Our system runs a three-part loop:

  1. Read and cross-reference a paper set.
  2. Generate ranked hypotheses with falsification criteria.
  3. Materialize those hypotheses into executable experiment workspaces.
graph LR
    P[Paper Set] --> H[Hypothesis Generation]
    H --> W[Workspace Assembly]
    W --> E[Experiment Execution]
    E --> J[Final Evaluation]
    J --> N[Next Iteration]
    N --> H
    style P fill:#f3f4f6,stroke:#6366f1,color:#111827
    style N fill:#eef2ff,stroke:#6366f1,color:#111827

The important detail: each stage emits structured outputs, not freeform text. That keeps the system composable and debuggable.

Stage 1: Hypothesis Generation Across a Paper Chain

The hypothesis engine does not produce one “best guess” and stop. It builds a ranked set of testable claims, each with:

  • a mechanism statement
  • supporting and counter evidence from specific paper sections
  • explicit falsification criteria
  • suggested experimental methods with estimated cost
  • physical parameters extracted from the corpus

Think of it as a compiler pass over literature. Raw prose in, typed claims out.

A typical deep pass over a paper chain uses a phased strategy:

  • scan the full corpus for contradictions and convergences
  • deep-read high-signal sections (results, methods, supplementary data)
  • synthesize contradictions into ranked hypotheses with confidence scores

This separation matters. Without it, systems either stay shallow or burn cycles in unstructured exploration. A researcher already knows how to deep-read one paper. What they cannot do efficiently is cross-reference ten papers, identify the three testable disagreements, and rank them by information gain.

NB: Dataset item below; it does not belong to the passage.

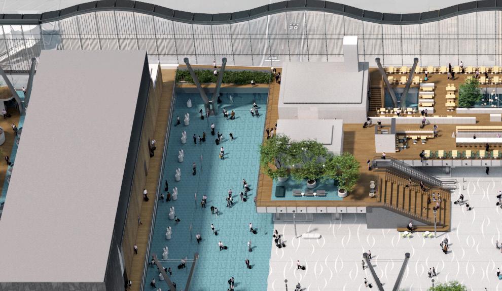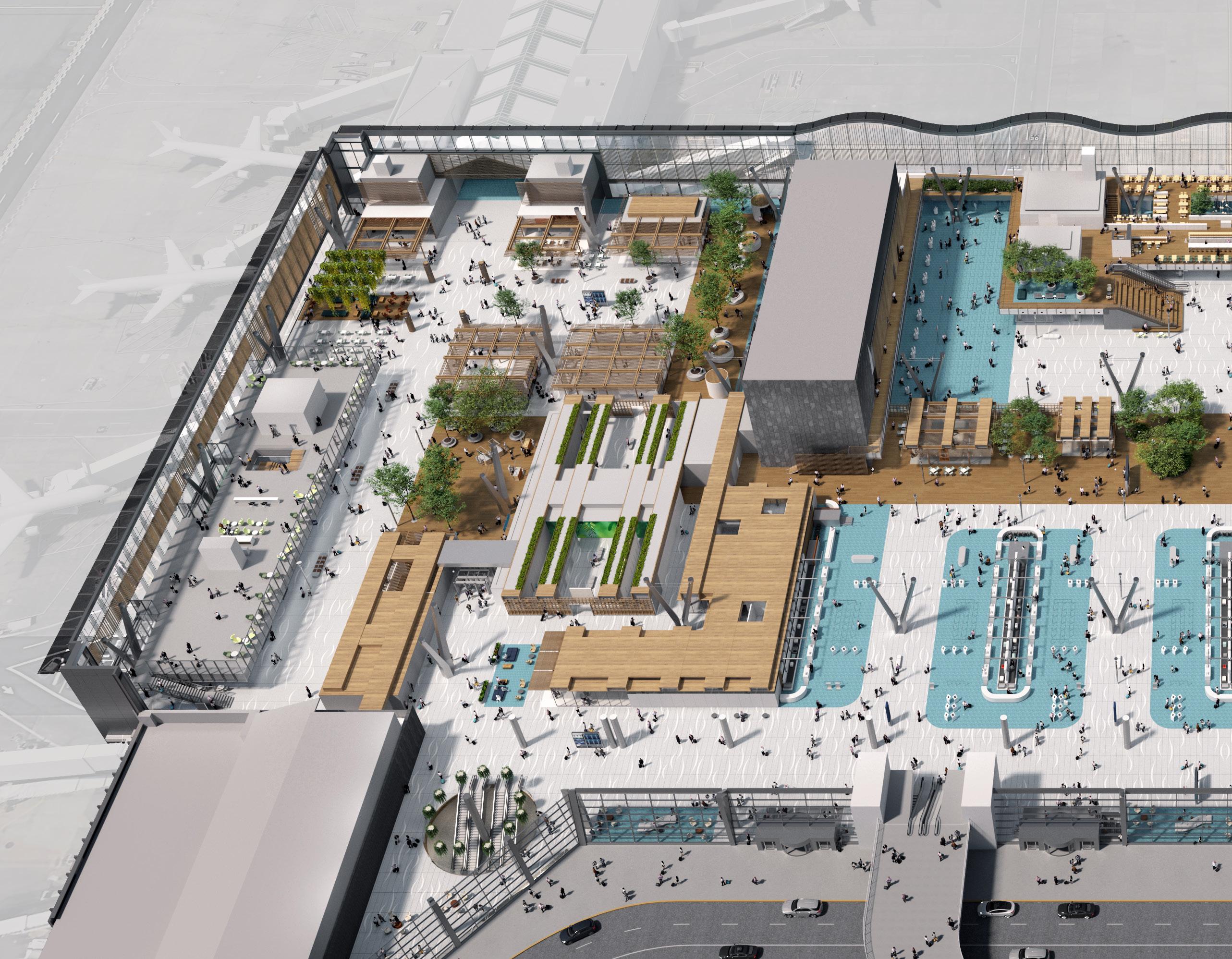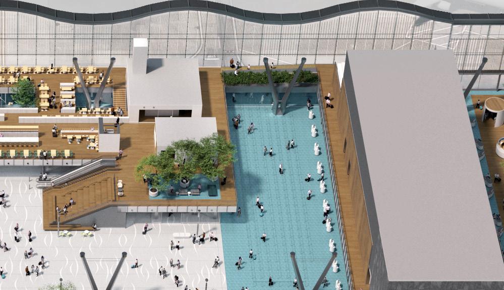 Post-security, the new terminal evokes the more intimate scale of the city itself with a series of concession experiences and lounging spaces within the large volume.

What a Generated Hypothesis Actually Looks Like

This is a trimmed output from a real run against the LK-99 paper corpus:

{
  "hypothesis_id": "H001",
  "statement": "The anomalous resistivity drop observed in LK-99 at ~385 K is caused by a first-order structural phase transition in Cu2S impurity phases, not superconductivity.",
  "confidence": 0.75,
  "mechanism": "Cu2S undergoes a known monoclinic-to-hexagonal phase transition at 377-380 K, causing a sudden change in resistivity of Cu2S inclusions embedded in the Pb-apatite matrix.",
  "supporting_evidence": [
    {"paper_id": "2307.12008", "finding": "Sharp resistivity drop at ~385 K in polycrystalline LK-99"},
    {"paper_id": "2308.01516", "finding": "Cu2S phase detected via XRD in LK-99 samples"}
  ],
  "counter_evidence": [
    {"paper_id": "2307.12037", "finding": "Diamagnetic response persists above 385 K in some samples"}
  ],
  "falsification_criteria": [
    "Cu2S phase transition temperature differs from observed LK-99 transition by > 20 K",
    "Cu2S resistivity change at transition is < 10% of LK-99 observed change",
    "No Cu2S detected in XRD patterns of samples showing resistivity drop"
  ]
}

Every hypothesis carries explicit falsification criteria. The system is not trying to confirm a belief. It is trying to find the fastest way to rule one out.

For a researcher, this means the first conversation with a PI about which experiment to run next starts with data, not intuition. For a group with limited compute budget, it means the most information-dense experiment gets priority.

What This Produced in a Real Run

We ran this pipeline end-to-end against the LK-99 corpus: ten papers spanning the original claim, replication attempts, and debunking analyses.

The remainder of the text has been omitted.